At Tue, 1 Aug 2017 16:27:41 -0400, Robert Haas <robertmhaas(at)gmail(dot)com> wrote in <CA+TgmobbZrBPb7cvFj3ACPX2A_qSEB4ughRmB5dkGPXUYx_E+Q(at)mail(dot)gmail(dot)com>
> On Mon, Jul 31, 2017 at 5:42 AM, Kyotaro HORIGUCHI
> <horiguchi(dot)kyotaro(at)lab(dot)ntt(dot)co(dot)jp> wrote:
> > Another is getting rid of recursive call to run an execution
> > tree.
>
> That happens to be exactly what Andres did for expression evaluation
> in commit b8d7f053c5c2bf2a7e8734fe3327f6a8bc711755, and I think
> generalizing that to include the plan tree as well as expression trees
> is likely to be the long-term way forward here.

I read it in the source tree.
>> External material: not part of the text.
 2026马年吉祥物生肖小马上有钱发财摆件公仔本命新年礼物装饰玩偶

The patch implements converting
expression tree to an intermediate expression then run it on a
custom-made interpreter. Guessing from the word "upside down"
from Andres, the whole thing will become source-driven.

> Unfortunately, that's probably another gigantic patch (that
> should probably be written by Andres).

Yeah, but async executor on the current style of executor seems
furtile work, or sitting until the patch comes is also waste of
time. So I'm planning to include the following sutff in the next
PoC patch. Even I'm not sure it can land on the coming
Andres'patch.

- Tuple passing outside call-stack. (I remember it was in the
past of the thread around but not found)

This should be included in the Andres' patch.
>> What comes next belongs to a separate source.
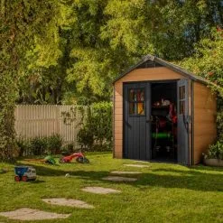 De Newton 757 is een splinternieuwe klassieker in de premium productlijn van de Keter tuinhuisjes. Hij is ontworpen met een traditionele houten afwerking en een fijn design aan de buitenkant en uitzonderlijke sterkte en duurzaamheid aan de binnenkant.

- Give executor an ability to run from data-source (or driver)
nodes to the root.

I'm not sure this is included, but I suppose he is aiming this
kind of thing.

- Rebuid asynchronous execution on the upside-down executor.

regrds,

--
Kyotaro Horiguchi
NTT Open Source Software Center

From:	Kyotaro HORIGUCHI <horiguchi(dot)kyotaro(at)lab(dot)ntt(dot)co(dot)jp>
To:	robertmhaas(at)gmail(dot)com
Cc:	tgl(at)sss(dot)pgh(dot)pa(dot)us, ah(at)cybertec(dot)at, pgsql-hackers(at)postgresql(dot)org
Subject:	Re: asynchronous execution
Date:	2017-08-31 12:52:36
Message-ID:	20170831.215236.135328985.horiguchi.kyotaro@lab.ntt.co.jp
Views:	Raw Message \| Whole Thread \| Download mbox \| Resend email
Lists:	pgsql-hackers

At Thu, 03 Aug 2017 09:30:57 +0900 (Tokyo Standard Time), Kyotaro HORIGUCHI <horiguchi(dot)kyotaro(at)lab(dot)ntt(dot)co(dot)jp> wrote in <20170803(dot)093057(dot)261590619(dot)horiguchi(dot)kyotaro(at)lab(dot)ntt(dot)co(dot)jp>
> > Unfortunately, that's probably another gigantic patch (that
> > should probably be written by Andres).
>
> Yeah, but async executor on the current style of executor seems
> furtile work, or sitting until the patch comes is also waste of
> time. So I'm planning to include the following sutff in the next
> PoC patch. Even I'm not sure it can land on the coming
> Andres'patch.
>
> - Tuple passing outside call-stack. (I remember it was in the
> past of the thread around but not found)
>
> This should be included in the Andres' patch.
>
> - Give executor an ability to run from data-source (or driver)
> nodes to the root.
>
> I'm not sure this is included, but I suppose he is aiming this
> kind of thing.
>
> - Rebuid asynchronous execution on the upside-down executor.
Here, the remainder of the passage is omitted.